Colleen Henderson’s Fight Against Insurance Denials: A Mother’s Story of Advocacy and Triumph
When Colleen Henderson’s 3-year-old daughter started complaining of pain while using the bathroom, she sought medical help. Doctors initially dismissed it as a urinary tract infection or constipation, common issues in young children who are potty training. However, when her health insurance refused to cover the cost of an ultrasound, Henderson took matters into her own hands and charged the $6,000 procedure to her credit card. What they discovered was shocking – a grapefruit-sized tumor in her toddler’s bladder.

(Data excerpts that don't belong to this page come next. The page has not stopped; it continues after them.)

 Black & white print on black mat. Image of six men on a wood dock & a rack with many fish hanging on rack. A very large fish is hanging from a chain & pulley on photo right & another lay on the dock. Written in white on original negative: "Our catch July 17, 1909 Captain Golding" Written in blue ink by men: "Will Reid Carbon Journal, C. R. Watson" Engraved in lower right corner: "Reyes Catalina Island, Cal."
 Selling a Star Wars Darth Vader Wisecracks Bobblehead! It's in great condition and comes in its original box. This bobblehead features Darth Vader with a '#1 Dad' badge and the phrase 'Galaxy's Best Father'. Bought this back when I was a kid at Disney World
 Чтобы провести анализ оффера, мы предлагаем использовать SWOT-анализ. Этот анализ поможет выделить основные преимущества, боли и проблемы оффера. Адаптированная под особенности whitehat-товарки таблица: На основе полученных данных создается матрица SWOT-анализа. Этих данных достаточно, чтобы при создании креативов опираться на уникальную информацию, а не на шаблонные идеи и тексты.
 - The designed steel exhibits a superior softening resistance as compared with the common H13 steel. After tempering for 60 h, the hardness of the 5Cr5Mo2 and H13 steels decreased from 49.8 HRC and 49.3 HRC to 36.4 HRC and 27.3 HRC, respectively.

This was in 2009, and the next five years were a constant battle for Henderson against her insurer, UnitedHealthcare. Despite multiple appeals to cover the specialists and treatments her daughter needed for her rare condition of inflammatory pseudotumor, the insurer continued to deny coverage. The family ended up accumulating over $1 million in medical debt, ultimately leading them to declare bankruptcy. Henderson firmly believes that if she hadn’t fought tirelessly for her daughter’s care, she might not be alive today.
The issue of insurance denials is becoming increasingly common, with surveys showing that very few Americans actually appeal these decisions. However, when escalated to government regulators, many of these denials are overturned. This has led to growing concerns among consumer advocates and policymakers about the practices of insurance companies. In response, a new proposal in the California Legislature, SB 363, aims to penalize insurers who repeatedly deny necessary care. The bill would require insurers to disclose denial rates and reasoning, as well as impose fines for wrongful denials.
While the measure would only cover a portion of insured Californians, it is seen as a bold attempt to rein in health insurer denials. If passed, it would require insurers to provide detailed data on denials and appeals, as well as report the outcomes of these appeals. Insurers whose denials are overturned more than half the time could face hefty fines. The goal is to hold insurers more accountable and ensure that patients receive the care they need.
The tragic incident involving the killing of UnitedHealthcare CEO Brian Thompson has further highlighted the public’s frustration with insurance company practices. While insurers argue that they are highly regulated and operate on low margins, the reality is that denial of care can have severe consequences for patients. The proposed bill in California is a step towards addressing these issues and ensuring that patients are not denied necessary treatments.
Overall, the fight against insurance denials is ongoing, with families like Colleen Henderson’s and Sandra Maturino’s facing significant challenges in getting the care they need for their loved ones. By advocating for reform and holding insurers accountable, lawmakers and advocates hope to improve the healthcare system and ensure that patients receive the care they deserve.